◆ Problem details: Your task is to copy the listing exactly. Drop any pictures from the copy.

◆ Data shown:
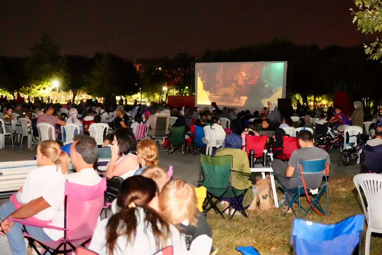 Çorlu Belediyesi’nin organizasyonuyla gerçekleştirilen etkinlikte, açık havada yıldızların altında film izleme keyfini yaşayan vatandaşlar, nostaljik sinema atmosferini aileleriyle birlikte deneyimledi.
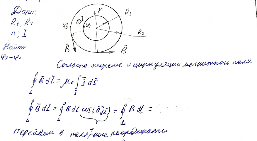 6.2.13. По металлической трубе с внутренним и внешним радиусами, равными, соответственно, R1 и R2 , течет равномерно распределенный ток I . Определите разность потенциалов, установившуюся между внутренней и наружной поверхностями трубы. Концентрация свободных электронов в металле равна n .
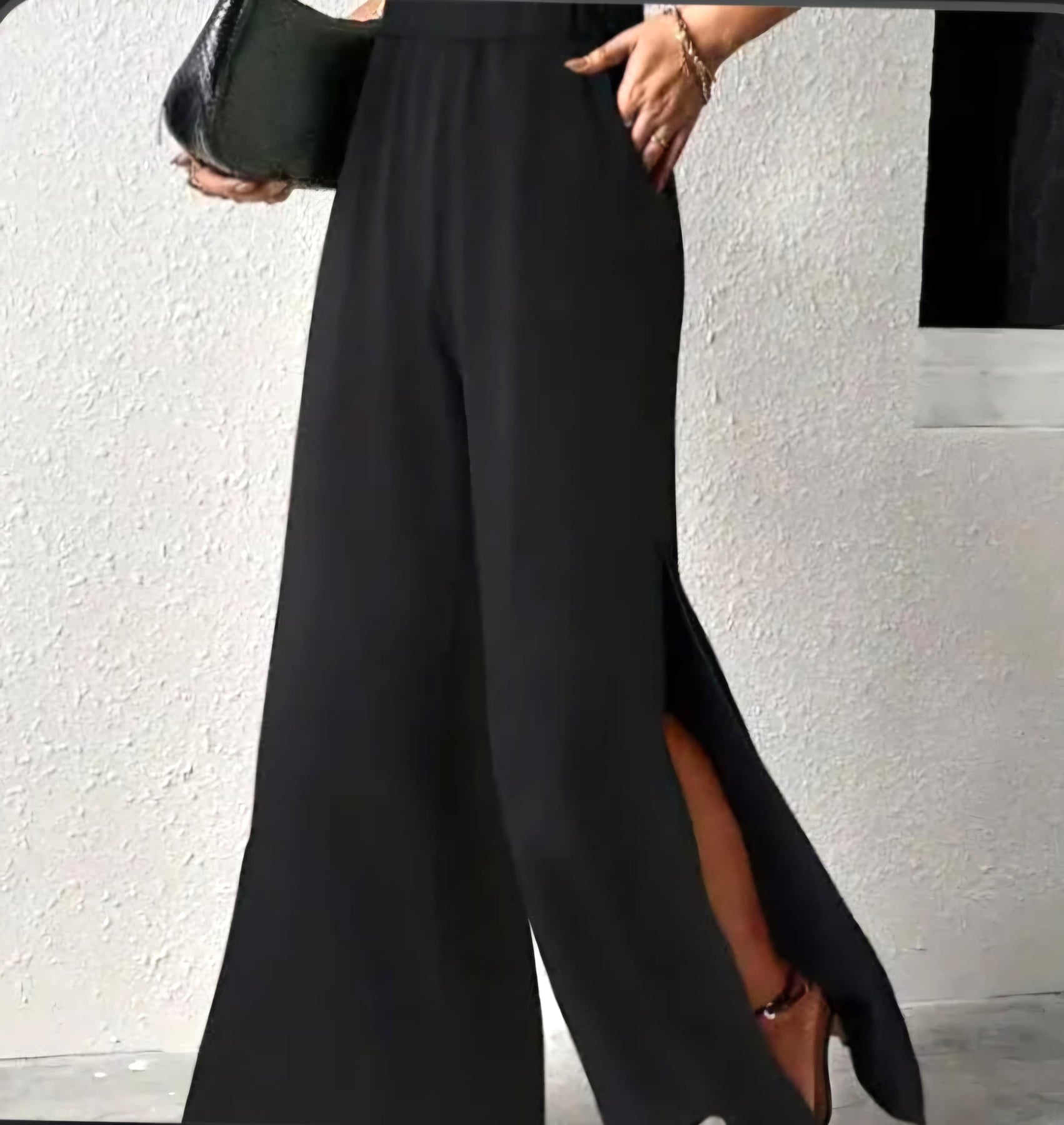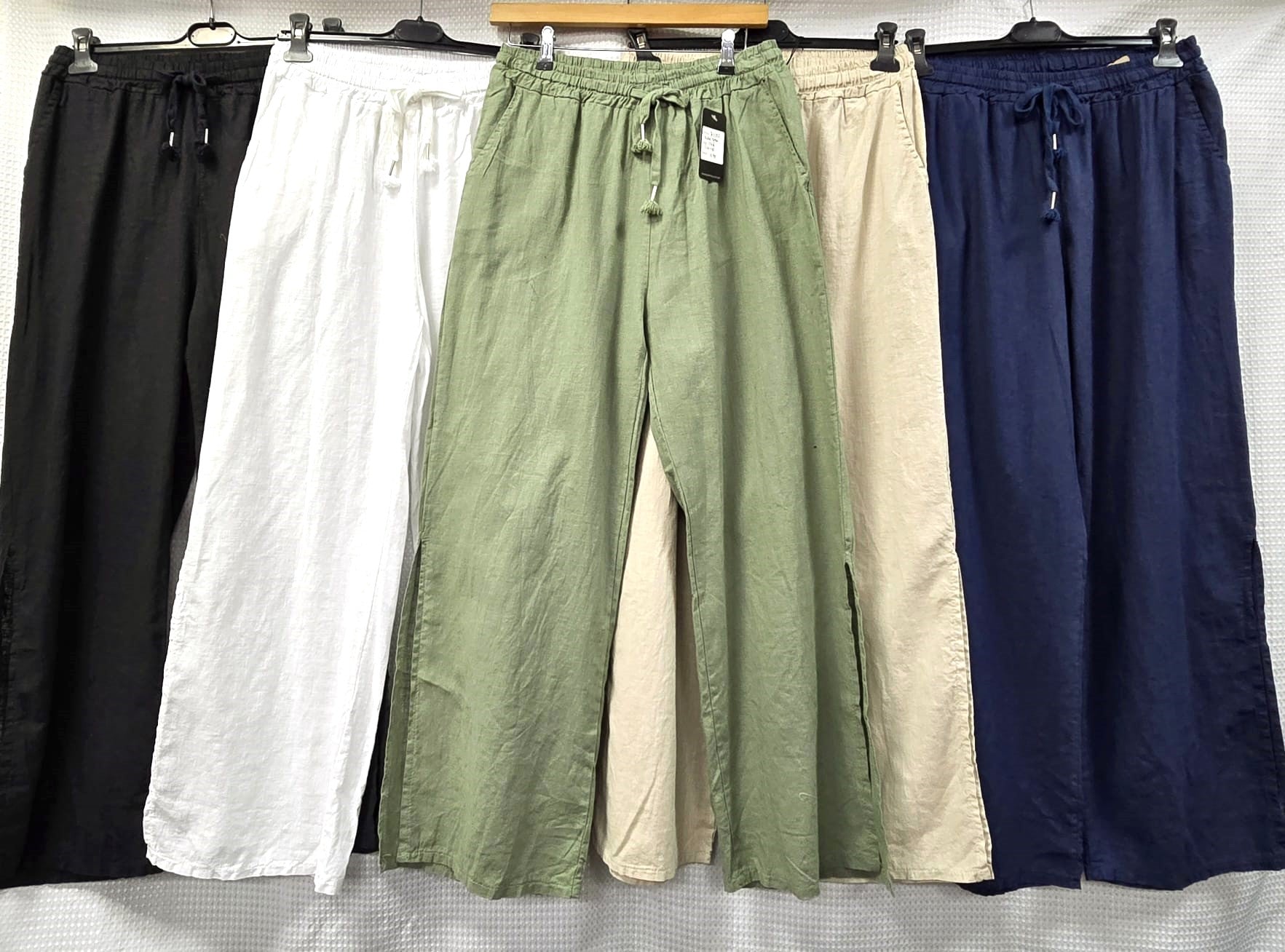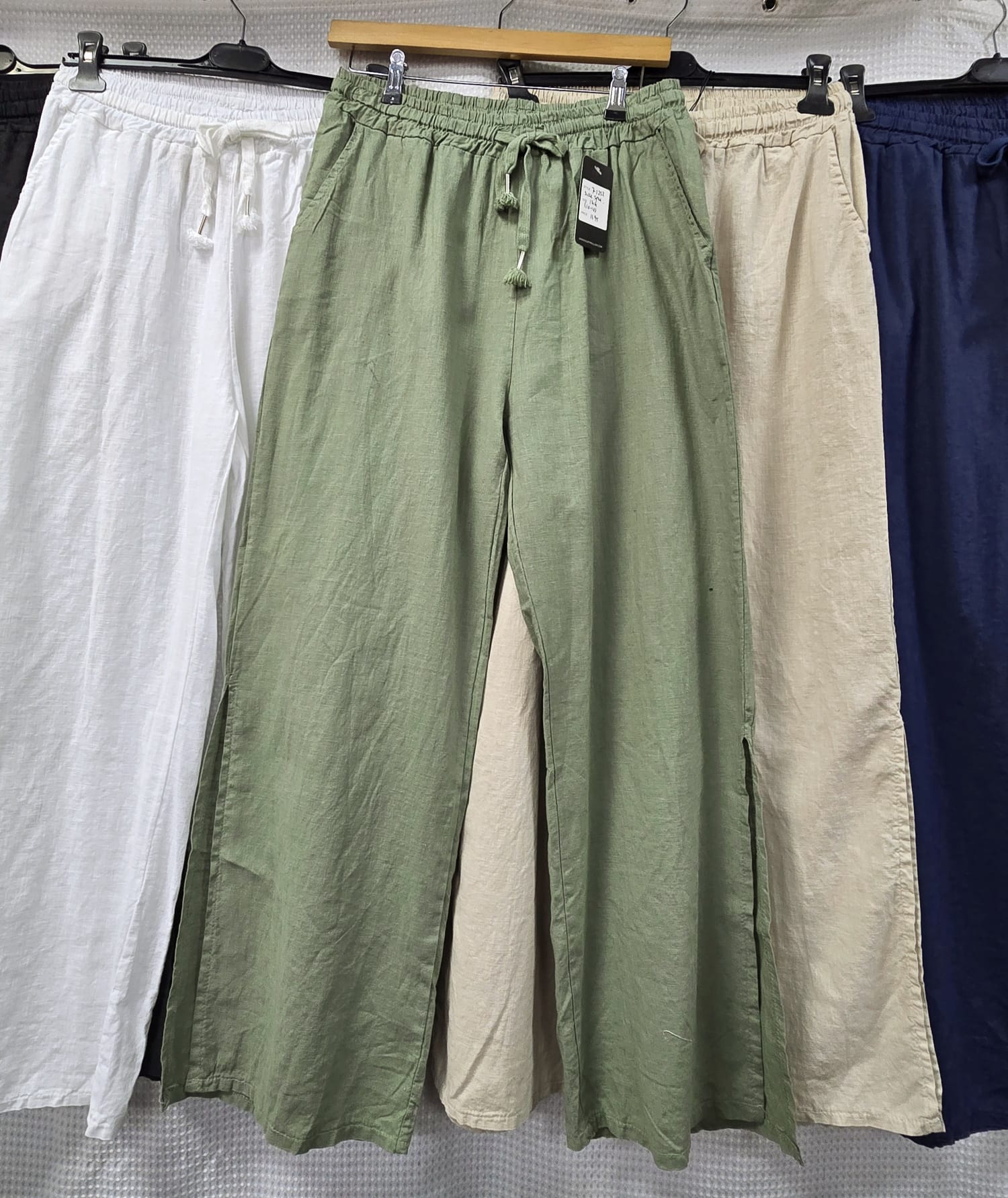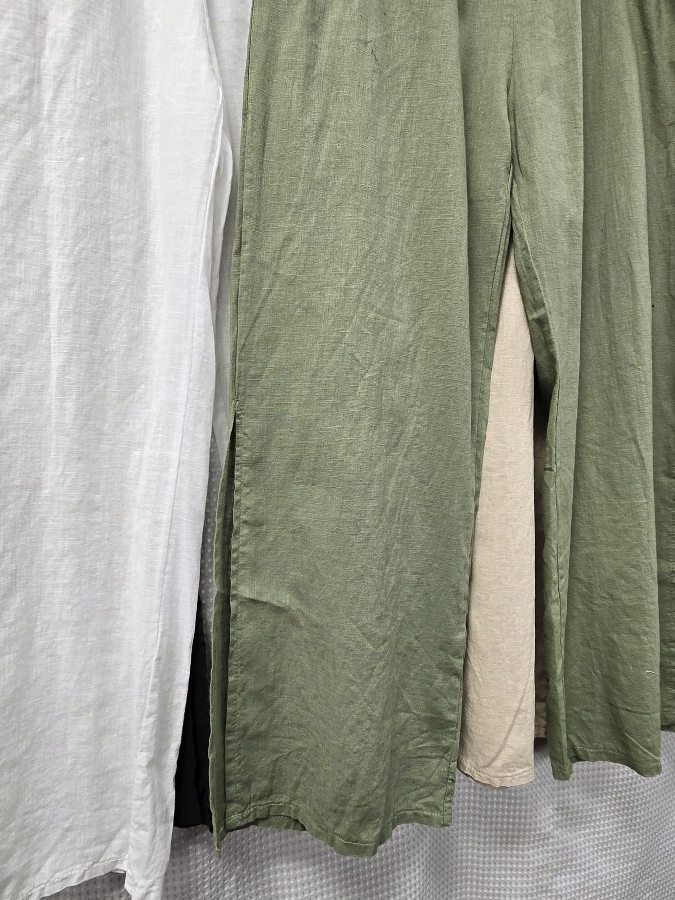 Cool, breathable wide-leg trousers in a soft linen-cotton blend. Designed with an elasticated tie waist, side splits on the hem, and two functional side pockets. Stylish and versatile – great for casual days or summer getaways.
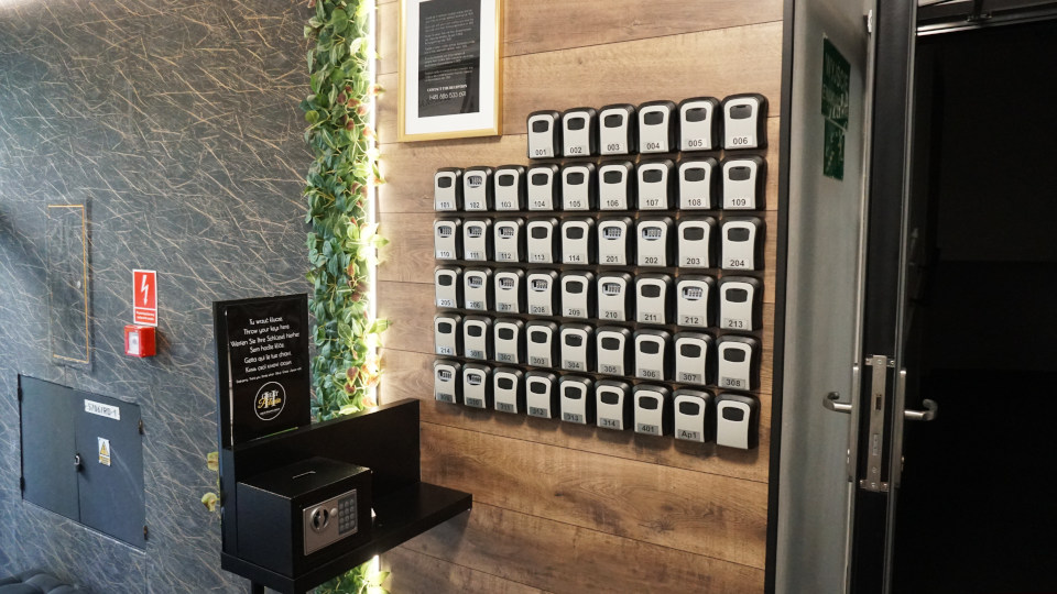 入り口もキーコードで開けて、さらに部屋のキーボックスが並びます、チェックアウト時は左側の金庫風なキーボックスへ返却するようです。

◆ Task output:
 Çorlu Belediyesi’nin organizasyonuyla gerçekleştirilen etkinlikte, açık havada yıldızların altında film izleme keyfini yaşayan vatandaşlar, nostaljik sinema atmosferini aileleriyle birlikte deneyimledi.
 6.2.13. По металлической трубе с внутренним и внешним радиусами, равными, соответственно, R1 и R2 , течет равномерно распределенный ток I . Определите разность потенциалов, установившуюся между внутренней и наружной поверхностями трубы. Концентрация свободных электронов в металле равна n .
 Cool, breathable wide-leg trousers in a soft linen-cotton blend. Designed with an elasticated tie waist, side splits on the hem, and two functional side pockets. Stylish and versatile – great for casual days or summer getaways.
 入り口もキーコードで開けて、さらに部屋のキーボックスが並びます、チェックアウト時は左側の金庫風なキーボックスへ返却するようです。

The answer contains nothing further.